Data Science

Summary

Data is no longer scarce. In fact, businesses have an abundance of data and its growing. This has given rise to the term Big Data. Data science enables businesses to discover valuable insights from data and apply that profitably. Data science is therefore complementary to Big Data.

Historically, statisticians had a mathematical focus. They evolved into data analysts who applied their expertise to solving business problems. They did this by visualizing data and searching for patterns. When dealing with vast amounts of data, there was a need to apply Machine Learning algorithms and programming. This is where a data scientist comes in.

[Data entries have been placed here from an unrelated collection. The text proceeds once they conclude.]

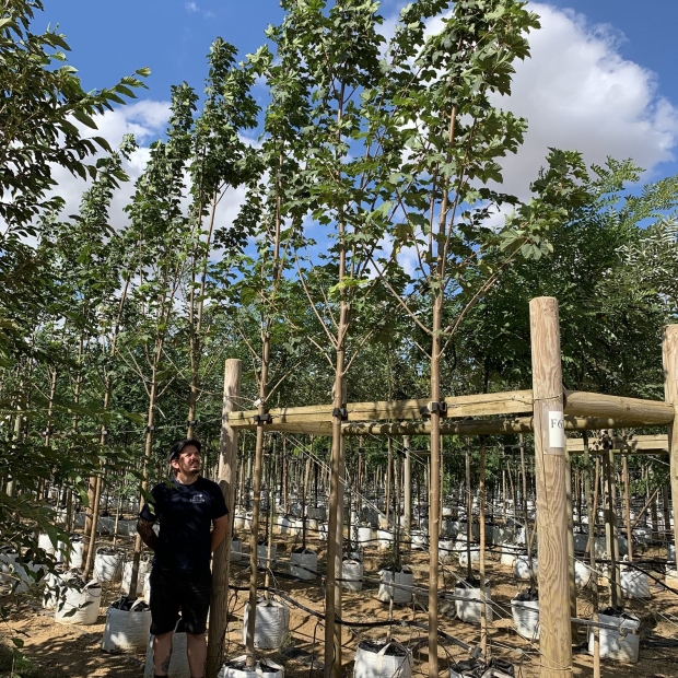 A vigorous, large and conical cultivar, it was selected in the late 1940s in the Netherlands, where it is widely used as a street tree. Negenia has dark green, red stalked leaves.
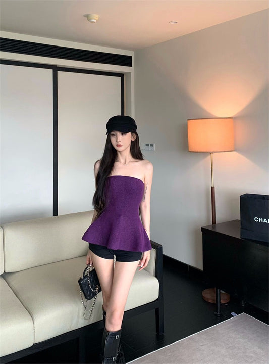 25Nov. 曲線奧斯氣質針織花瓣抹胸 紫
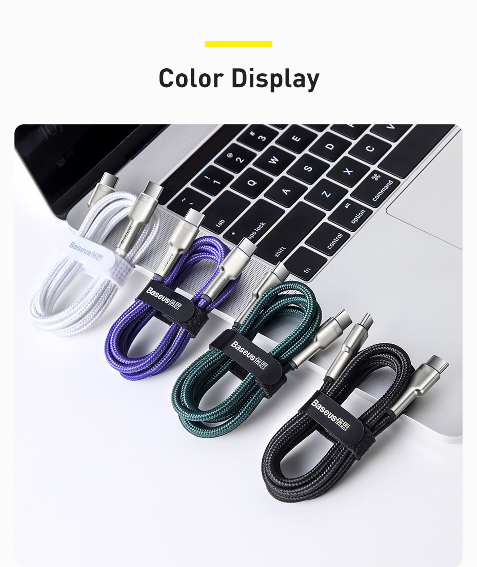 Giới thiệu sản phẩm Cáp sạc siêu nhanh Type C to Type C 100W Baseus Cafule Metal Series (Fast charge & Data Cable)- CATJK Tính năng sản phẩm Cáp sạc siêu nhanh Type C to Type C 100W
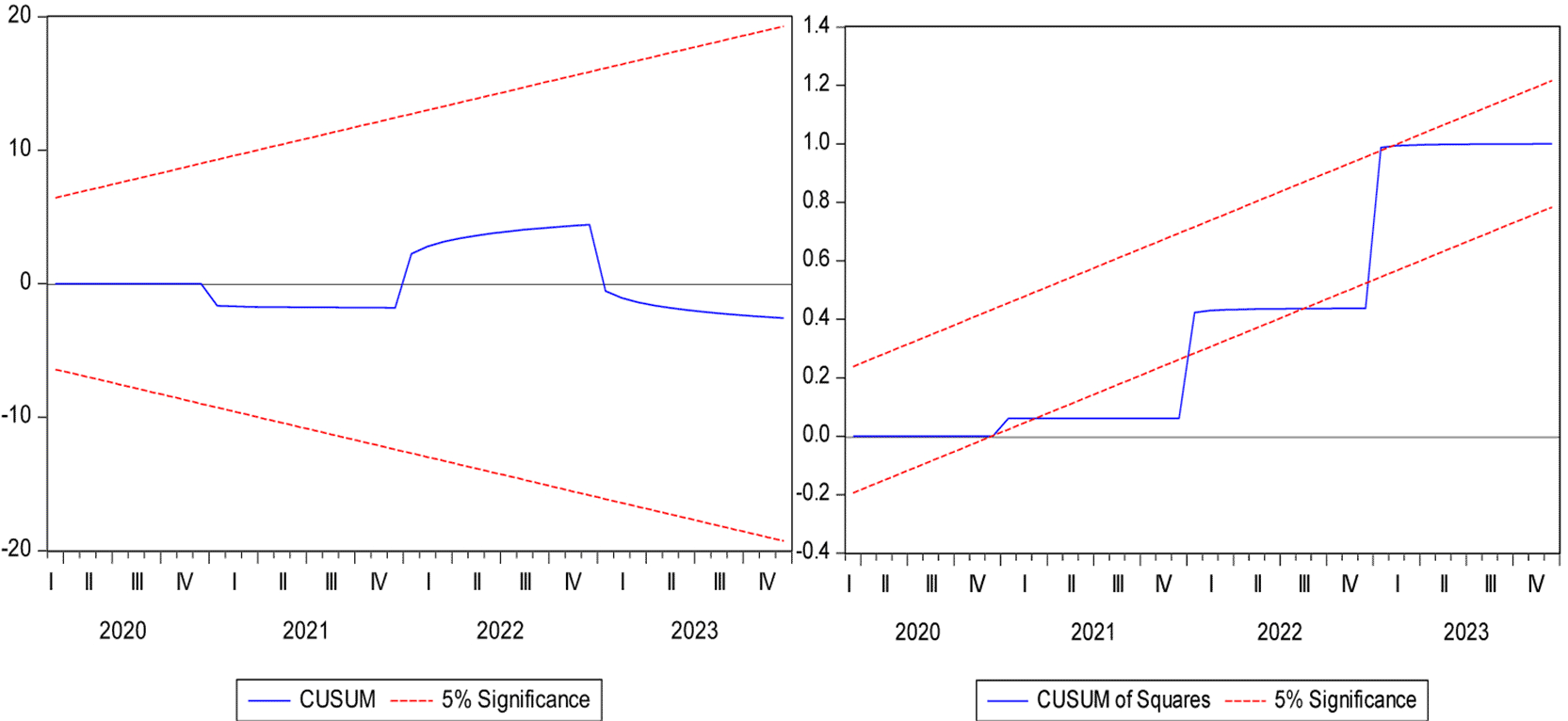 Looking at Figure 2, the two tests show a degree of stability and consistency between the long-term and short-term parameters, as the cumulative sum of recurrent residuals (cusum) test statistic fell within the critical limits at a significance level of 5%.
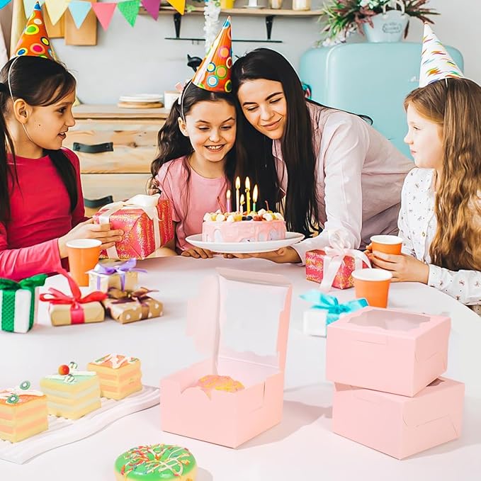 25pcs Pink Small Cake Box,4x4x2.5 Inch Bakery Boxes with Window,gift boxes bulk for Mini Cake Pastry Dessert Strawberries Chocolates Cupcakes with Stickers
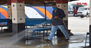 اللاذقية-سانا في إطار استعدادات محافظة اللاذقية لتامين نقل المواطنين إلى المحافظات الأخرى خلال الأيام الثلاثة القادمة تنفيذا لقرار الفريق الحكومي المعني بالتصدي لفيروس كورنا قامت ورشات النظافة في مجلس مدينة اللاذقية اليوم بتنظيف وتعقيم مركز كراج البولمان والحافلات ومكاتب قطع …
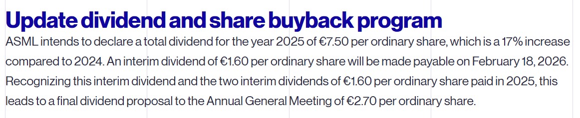 ASML, $ASML.AS. anuncia hoy que su dividendo total para el ejercicio 2025 será de 7,50€/acc., lo que supone un incremento del 17,19% respecto a los 6,4€ totales pagados con cargo a 2024. El próximo dividendo a cuenta de 2025, de 1,60€, se pagará el próximo día 18 de febrero, y el dividendo final, de 2,70€, se abonará el día 5 de mayo de 2026.
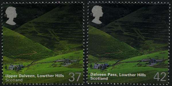 Trial: 2003 A British Journey: Scotland, Dalveen Pass, Lowther Hills denominated "37p" vice "42p" and Inscribed "Upper Dalveen" vice "Dalveen Pass" as issued. Gummed, with phosphor, offered with issued stamp for comparison fine unmounted o.g. SG 2388var
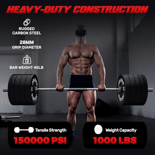 [Durable finish]: The advanced hard chrome coating provides superior corrosion resistance, ensuring your barbell retains its sleek look and performance through years of intense use. Weighing 45 lbs, this 2-inch Olympic barbell is perfect for any home or commercial gym, fully compatible with power racks, cages, and Smith machines in the market
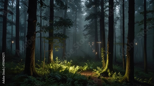 © ikk.gtg, Obraz premium Enchanting foggy forest path illuminated by glowing orbs at night.
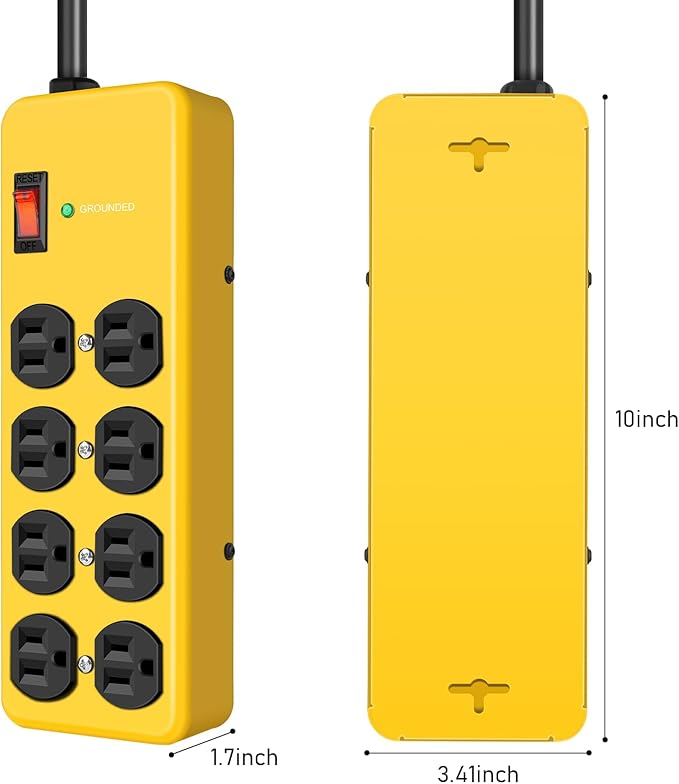 - Metal power strip:Made of sturdy metal case for durability.Ideal for challenging harsh and hostile environments,prevents material breakage,such as workshops,garages,workbenches,factories,etc.
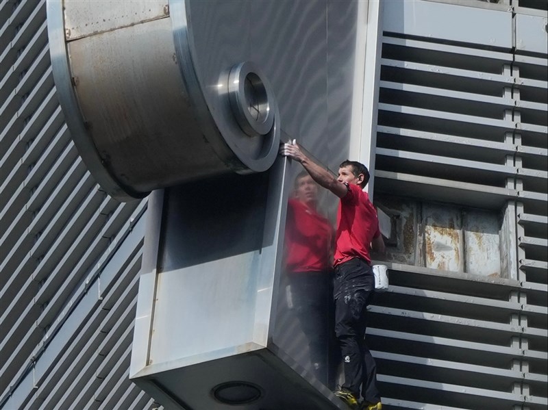 不過他也是有底線的。他說有不少人跟他比愛心手勢,「這個我沒辦法了」,因為「我手還要抓著(大樓外牆)呢!」
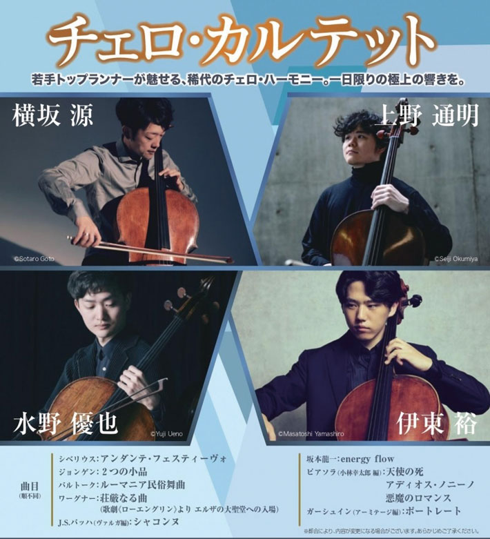 浜松と縁の深いチェリスト・横坂源が、2024年にNHK交響楽団グランシップ公演にも出演した上野通明ら若手チェリストを率いて一日限りのカルテットを結成。
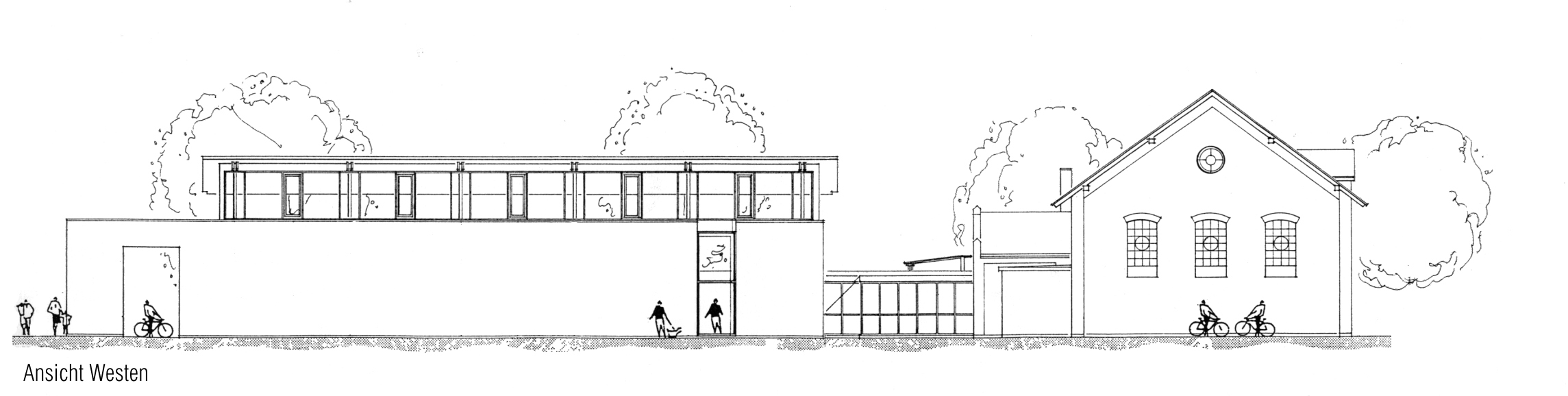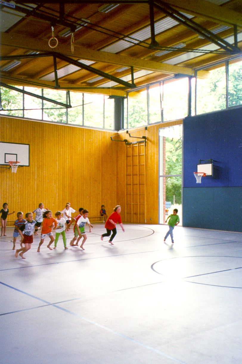 Mit Anbindung an die denkmalgeschützte alte Turnhalle entstand ein Neubau einer Sporthalle für die Bürgerschule in Husum. Der vorhandene Umkleidebereich wurde für die neue Halle erweitert und die aufgrund der direkten Nachbarschaft zum denkmalgeschützten Schlosspark bestehenden Anforderungen berücksichtigt.
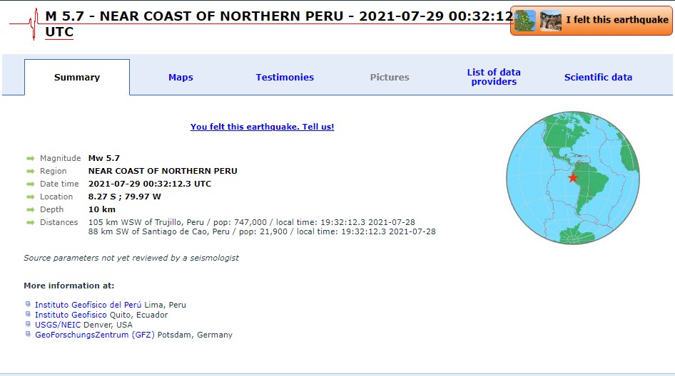 Η δόνηση είχε εστιακό βάθος 10 Χλμ. και επίκεντρο στα 88 Χλμ. νοτιοδυτικά της πόλης Santiago de Cao.
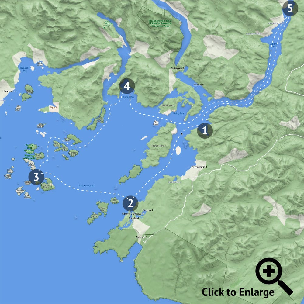 Discover the sandy beaches of Pacific Rim National Park within the Broken Group Islands – over 100 islands, inlets, and rocky outcrops nestled in the sheltered waters of Barkley Sound. Overnight in Vernon Bay.
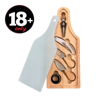 Cheese and Wine Wedding Gift Set with Glass Chopping Board 35x14cm
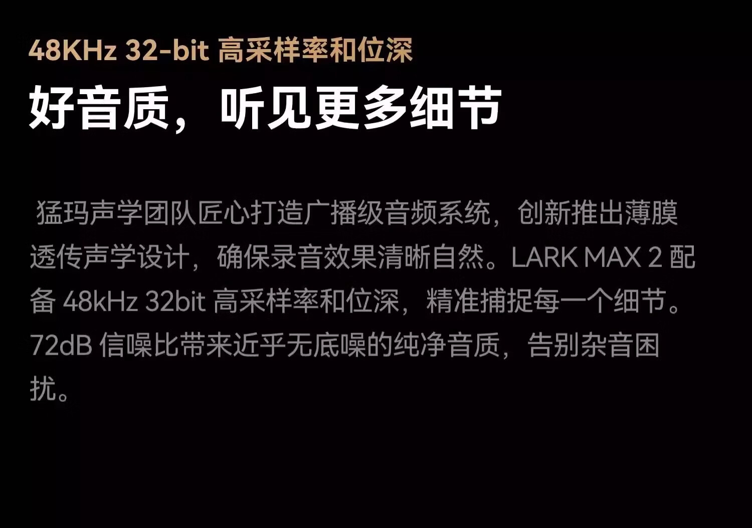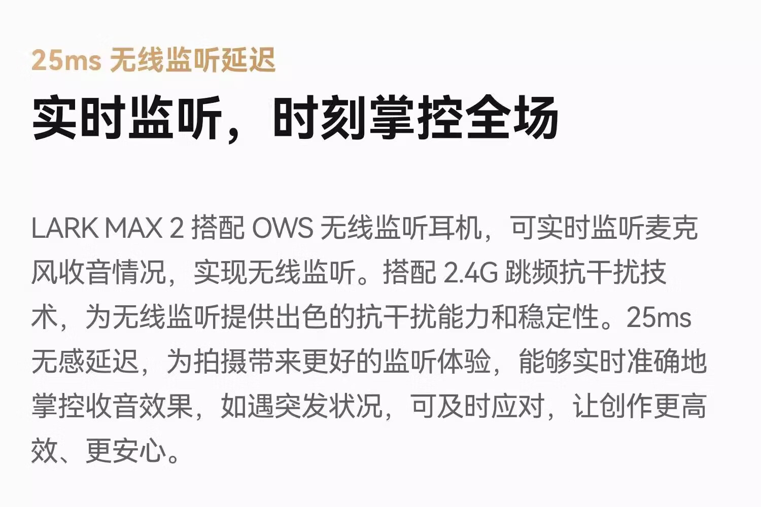 Mammoth Lark MAX2 one-to-two wireless monitoring lavalier microphone radio microphone Little Bee camera SLR mobile phone audio collection Mammoth one-click noise reduction lavalier microphone cable (exclusive for the first generation Lark Max)
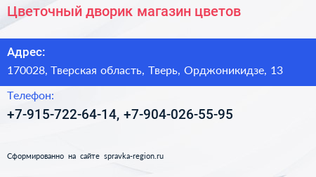 Цветочный дворик, магазин цветов по адресу 170028, Тверская область, Тверь, Орджоникидзе, 13 в дальнейшем Организация, размещена в следующих категориях:

A data scientist is really a first-class scientist who's curious, asks questions and makes hypotheses that can be tested with data.

Milestones

1962

John W. Tukey publishes "The Future of Data Analysis". He explains that statistics has mostly been about making inferences but his interest is in data analysis, which has more to do with science than mathematics. The availability of computers makes data analysis possible. His influential paper is sometimes today referred to as FoDA.

1974

The term data science is used for the first time, by Peter Naur in his "Concise Survey of Computer Methods". He defines it as the "science of dealing with data". His definition does not consider data semantics (domain knowledge). Thus, it's different from modern definition of the term. An alternative term datalogy is also used.

1976

John Chambers at Bell Labs create programming language S. This lays the basis for statistical computing and quantitative programming environments (QPE) that use scripts and workflows. In the 1990s, S inspires the creation of an open source language called R, which is today the dominant QPE.

1977

The International Association for Statistical Computing (ISAC) is formed. This underscores the increasing use of computing in statistical work "to convert data into information and knowledge". The same year John Tukey publishes "Exploratory Data Analysis" where he states that we should use data to form hypotheses to test. Exploratory Data Analysis and Confirmatory Data Analysis should both be used.

1989

The first Knowledge Discovery in Databases (KDD) conference is held. By the mid-1990s, this evolves into ACM SIGKDD Conference on Knowledge Discovery and Data Mining. Researchers clarify that "KDD refers to the overall process of discovering useful knowledge from data, and data mining refers to a particular step in this process. Data mining is the application of specific algorithms for extracting patterns from data".

1997

Professor C. F. Jeff Wu calls for statistics to be renamed data science and statisticians to be renamed data scientists. The same year the journal Data Mining and Knowledge Discovery is launched.

2001

William S. Cleveland publishes "Data Science: An Action Plan for Expanding the Technical Areas of the Field of Statistics". He proposes the term Data Science in its modern sense. To Cleveland, a data analyst is good at programming but has limited knowledge of statistics. A data scientist on the other hand comes from statistics background but has to work more closely with computer specialists.

2001

Leo Breiman publishes "Statistical Modeling: The Two Cultures". He compares Generative Modeling with Predictive Modeling. The former is dominant among statisticians. Breiman calls them to adopt predictive modeling and algorithms, which have developed in other fields.

2008

Data Science as a term creates interest thanks to the work of D. J. Patil (LinkedIn) and Jeff Hammerbacher (Facebook).

2009

Google's chief economist, Hal Varian, states that data is plenty but there's a scarcity of experts who can extract value from it. The sexy job for the next decade will be statisticians. He states his expectation of a data scientist,

The ability to take data—to be able to understand it, to process it, to extract value from it, to visualize it, to communicate it—that’s going to be a hugely important skill in the next decades.

2010

By the start of this decade, researchers and writers attempt to explain data science to the public. Data scientist is claimed to be the sexiest job of the 21st century. This decade also sees shifting terminology. Data Mining is now referred to as Machine Learning. The work of a data analyst is called Business Intelligence but when she uses big data it's called Big Data Analytics.